With the line containing "최근 배우 송하윤 씨의" as the final line, restate exactly every line of the data below from the first one onward, and copy no pictures.
BEGIN Data for this task
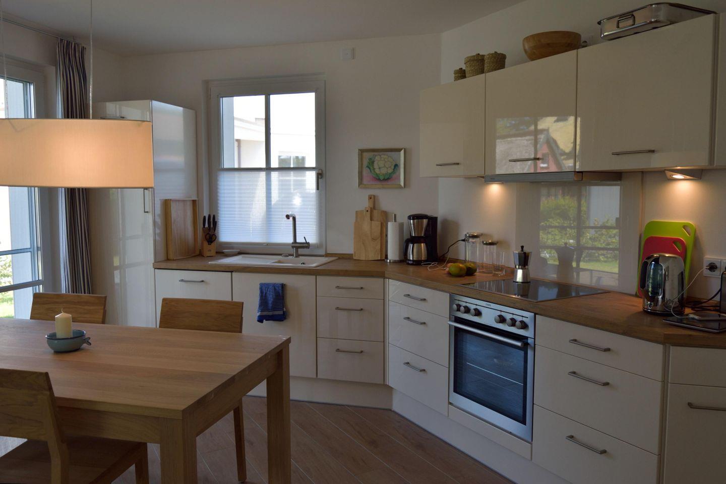 Die Küche ist voll ausgestattet mit Cerankochfeld, Backofen, Mikrowelle, Geschirrspüler und Kühlschrank mit Gefrierfach.
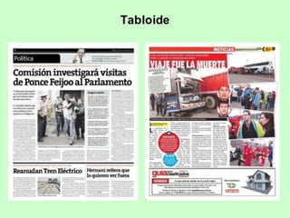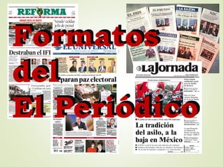 Un periódico es una publicación impresa con noticias que se publica diaria o semanalmente. Existen 4 formatos principales: sábana, tabloide, Berliner y arrevistado. Los más comunes son el formato sábana y tabloide. El formato tabloide es más pequeño y práctico, mientras que el formato sábana se considera más serio. La estructura externa de un periódico incluye su formato, número de columnas y organización del contenido.
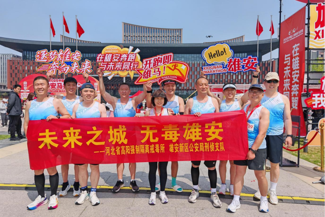 在賽道上,還有一支格外引人注目的隊伍,那就是新區(qū)公安局刑偵支隊聯合河北高陽強制隔離戒毒所民輔警、社會志愿者、在校大學生等群體組成的“雄安新區(qū)禁戒毒公益跑團”。他們身著統(tǒng)一服裝,向周圍的選手和觀眾傳遞“健康人生,綠色無毒”理念,為這場盛大的賽事增添了一抹靚麗的色彩。
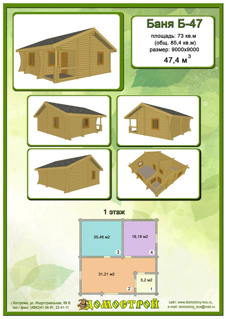 Баня Б-47 Размер: 9000х9000, Бревно D220: 47,4 м3 |
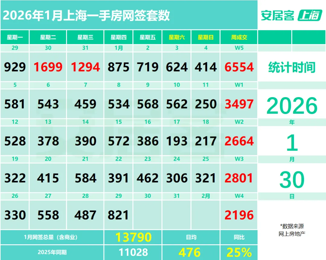 >新房821套,二手房726套!1月29日上海网签数据出炉!
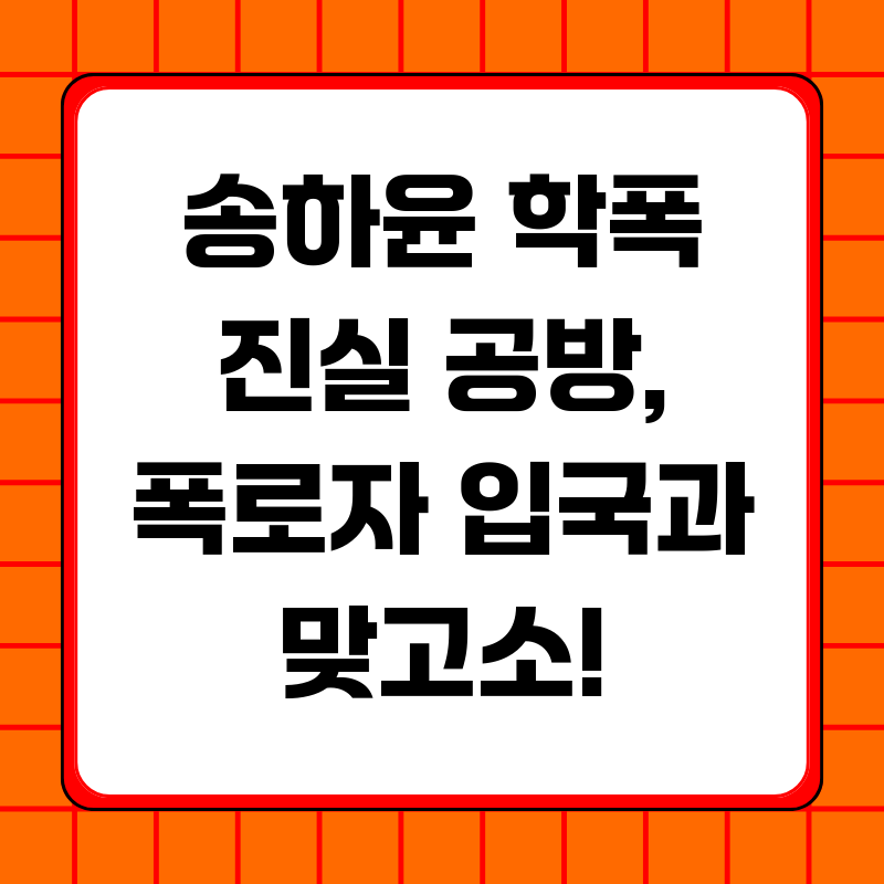 최근 배우 송하윤 씨의 학폭 논란이 다시 불거지면서 온라인이 뜨겁게 달아오르고 있습니다. 최초 폭로자의 입국과 맞고소 예고는 단순한 연예계 이슈를 넘어, 우리 사회의 학교 폭력 문제에 대한 심각한 경종을 울리고 있습니다. 과연 이번 사건은 어떻게 전개될 것이며, 우리는 이 사건을 통해 무엇을 배워야 할까요?
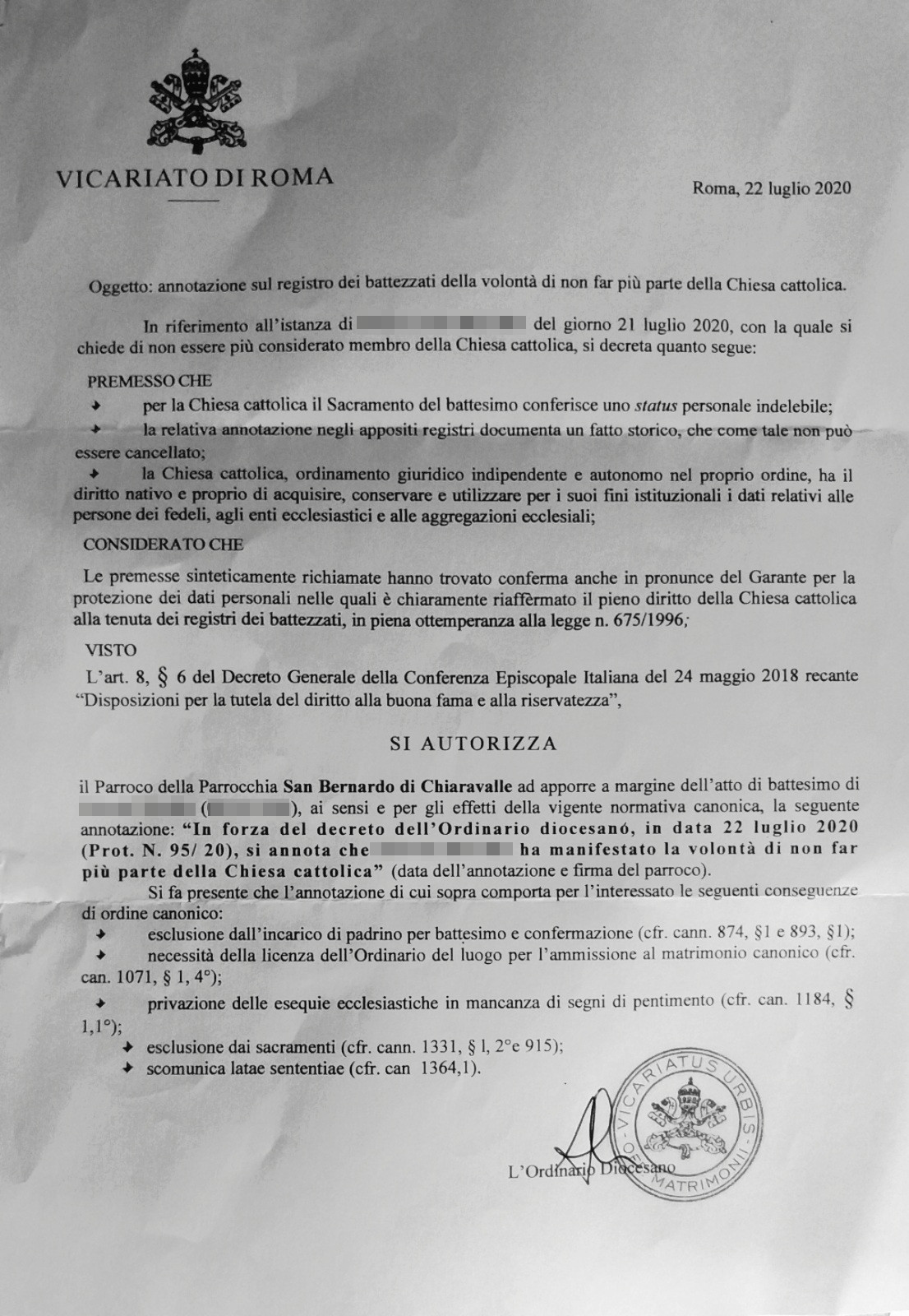 Una persona ha chiesto la rettifica dei dati relativi al proprio battesimo avvenuto a S. Bernardo Da Chiaravalle - ROMA (RM) il 22/07/2020, dichiarando di non voler più far parte della Chiesa Cattolica.
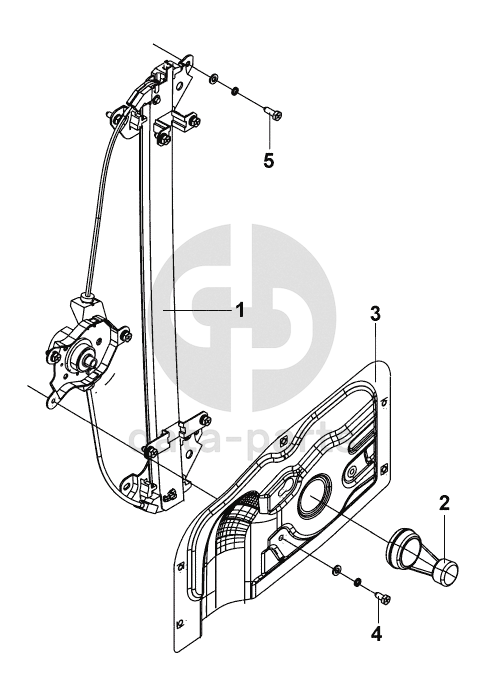 Right door window regulator, manual
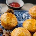 Maak nu de dakjes door een plak bladerdeeg over een gevulde cup te leggen en steek een rondje uit met een glas of mok. Druk de randen goed aan.
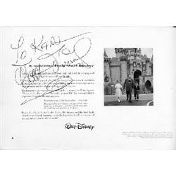 <b>419. WALTER E. DISNEY </b>(1901 - 1966) American artist, film producer and businessman, creator of Mickey Mouse and Donald Duck, producer of the first animated film with sound, builder of theme parks in Anaheim and Orlando. Signed paperback book <i>Walt Disney's Guide to Disneyland</i>, 30pp. 11 1/2" x 8", a 1962 heavily-illustrated park guide. The inside front cover bears a printed welcome by Disney, along with a 3 1/4" x 3 3/4" color image of Disney with two children, and he has added across a portion of the text a large, black ink inscription and signature: "<i>To Karl Walt Disney</i>". Covers bear a few trivial water spots and an abrasion, contents and signed page are very good to fine.<b>$1,500-2,000</b>
END Data for this task
Result ::
 Die Küche ist voll ausgestattet mit Cerankochfeld, Backofen, Mikrowelle, Geschirrspüler und Kühlschrank mit Gefrierfach.
 Un periódico es una publicación impresa con noticias que se publica diaria o semanalmente. Existen 4 formatos principales: sábana, tabloide, Berliner y arrevistado. Los más comunes son el formato sábana y tabloide. El formato tabloide es más pequeño y práctico, mientras que el formato sábana se considera más serio. La estructura externa de un periódico incluye su formato, número de columnas y organización del contenido.
 在賽道上,還有一支格外引人注目的隊伍,那就是新區(qū)公安局刑偵支隊聯合河北高陽強制隔離戒毒所民輔警、社會志愿者、在校大學生等群體組成的“雄安新區(qū)禁戒毒公益跑團”。他們身著統(tǒng)一服裝,向周圍的選手和觀眾傳遞“健康人生,綠色無毒”理念,為這場盛大的賽事增添了一抹靚麗的色彩。
 Баня Б-47 Размер: 9000х9000, Бревно D220: 47,4 м3 |
 >新房821套,二手房726套!1月29日上海网签数据出炉!
 최근 배우 송하윤 씨의 학폭 논란이 다시 불거지면서 온라인이 뜨겁게 달아오르고 있습니다. 최초 폭로자의 입국과 맞고소 예고는 단순한 연예계 이슈를 넘어, 우리 사회의 학교 폭력 문제에 대한 심각한 경종을 울리고 있습니다. 과연 이번 사건은 어떻게 전개될 것이며, 우리는 이 사건을 통해 무엇을 배워야 할까요?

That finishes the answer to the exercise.